# plug wires



## sflamedic (Oct 21, 2006)

What brands of spark plug wires do you recommend? Its for a pt cruiser. I have installed a normal brand an they have failed withing 6 momths. I was recommended crane firewire but cant get them locally. Anything else that may be of equal quality that is available at an auto parts store?


----------



## Clutchcargo (Mar 31, 2007)

I've had good luck with Bosch. I also installed the regurlar grade wires and the car was missing within 2 months; the Bosch wireset fixed the problem. Available at Autozone


----------



## crecore (Nov 2, 2005)

Ive had great luck with Belden (NAPA). And they have a great warranty.

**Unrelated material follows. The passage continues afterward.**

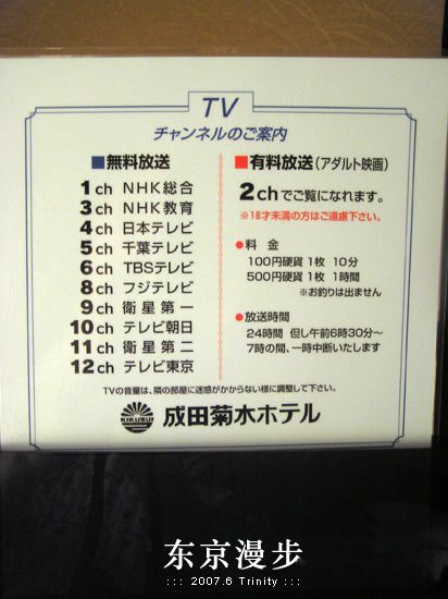 饭店里的付费电视节目单,就和**一起放在电视上哦~~ 明码标价,100日元10分钟,500日元一小时。我估计团里的老人们看见都会皱眉头,男的看见都心怀鬼胎一小下。。。清楚的特写我就不上了。。。嘿嘿。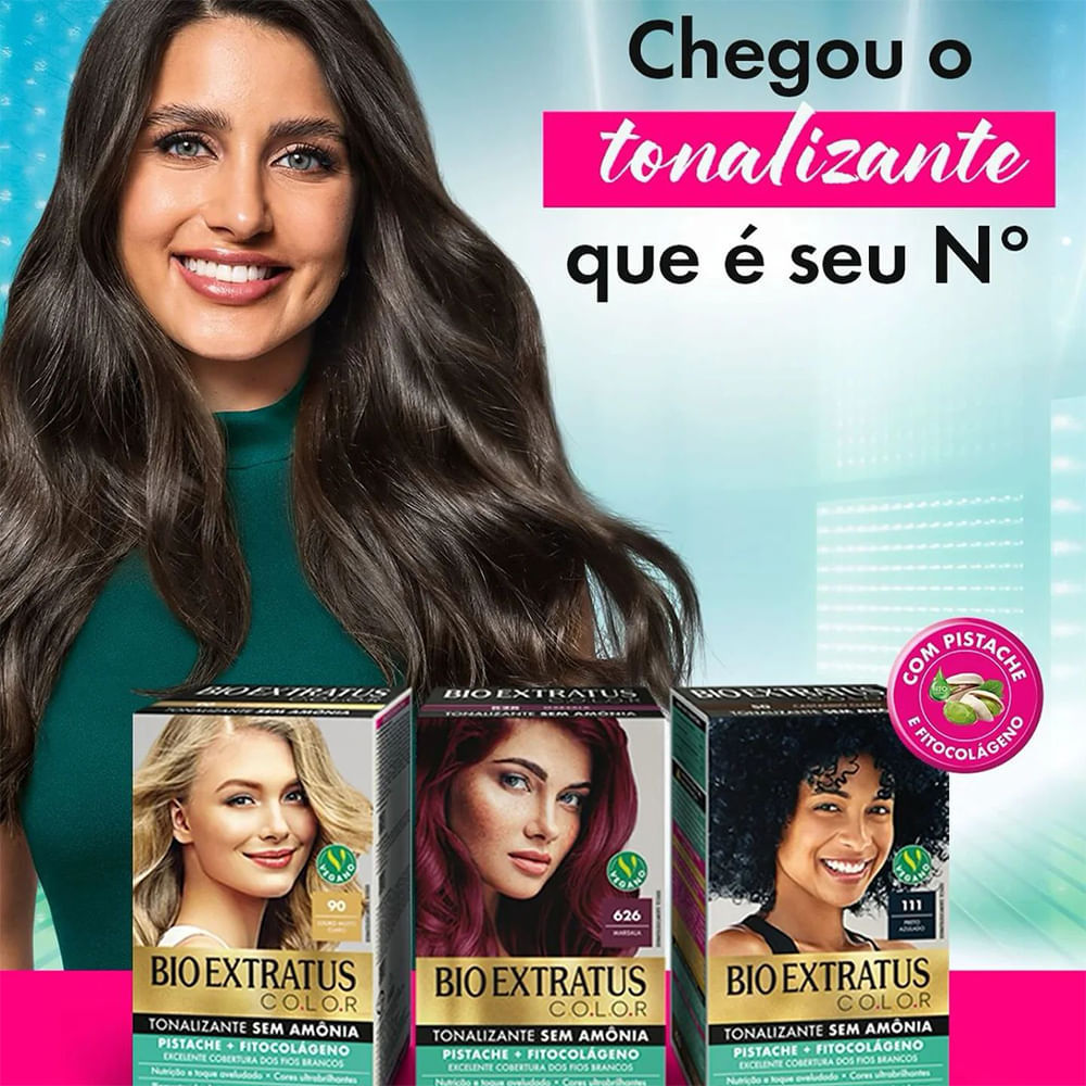 O Tonalizante Sem amônia Bio Extratus Color 135g combina tecnologia de ponta e cuidado delicado para transformar seus cabelos com cores intensas e brilho extraordinário. Sua fórmula profissional é vegana, livre de amônia e metais pesados, garantindo uma coloração segura que respeita a saúde dos fios. Enriquecido com pistache e fitocolágeno , promove uma nutrição profunda enquanto fortalece e repara a fibra capilar. O resultado são cabelos hidratados, com uma tonalidade deslumbrante, maciez incomparável e um toque sedoso que realça sua beleza natural. Diferenciais e Benefícios: - Coloração Suave: Ideal para quem busca mudança sem danificar os fios. - Nutrição e Proteção: Ativos naturais que restauram e fortalecem a estrutura capilar. - Brilho Intenso: Núcleos vibrantes e luminosos que duram por muito mais tempo. - Toque Aveludado: Fios macios e sedosos, com aspecto saudável. - Sustentabilidade: Fórmula vegana, respeitando você e o meio ambiente. Modo de usar: Misture o Creme Tonalizante sem amônia com a Emulsão Reveladora, seguindo as instruções contidas na bula do Kit. Prova de toque / sensibilidade: prepare um pouco do produto e aplique uma pequena quantidade no antebraço ou atrás da orelha. Deixe agir por 30 minutos e enxágue. Se dentro de 48 horas após a realização do teste surgir irritação no local ou em suas proximidades, tais como rubor, inchaço, ardência ou queimadura, fica provada a hipersensibilidade ao produto, não devendo ser utilizado. Sobre a marca: A história da Bio Extratus começou em Belo Horizonte, em 1989, em um salão-escola onde os cabeleireiros Vera e Lindouro, apaixonados pela natureza, vieram a idealizar uma marca que unisse qualidade, acessibilidade e cuidado. Motivados pela busca por cosméticos diferenciados, eles têm origem na Bio Extratus, uma empresa focada em oferecer tratamentos ideais para todos os tipos de beleza. Desde então, uma marca se consolidou no mercado como referência em produtos de alta performance, modificados com ingredientes naturais e voltados para valorizar a diversidade e a saúde dos cabelos.

On my hot rod V8's I use Taylors too.


----------



## fierysun (Aug 2, 2007)

Clutchcargo said:


> I've had good luck with Bosch. I also installed the regurlar grade wires and the car was missing within 2 months; the Bosch wireset fixed the problem. Available at Autozone


I've used Bosch wires too, and have been happy with them. Just had to wait for them to be ordered.


----------



## wheelidart (Oct 26, 2006)

*Taylor wires are the wire to use*

I've used Taylor spiro-pro wires on everything. Less resistance than My race car wires, yet they have no issues being installed on any modern car.
Bosch platinum plugs are pure platinum through the core. All others are a steel plug with a piece of platinum on the end. How could that help?
The wires are about $42-$47 for a V-8, should be less for the I-4. If your plugs aren't firing properly the wire takes the heat.http://www.summitracing.com:thumbsup::thumbsup:


----------



## NothingsLevel (Aug 27, 2006)

I used MSD wires on my '99 Dakota and they were good.


----------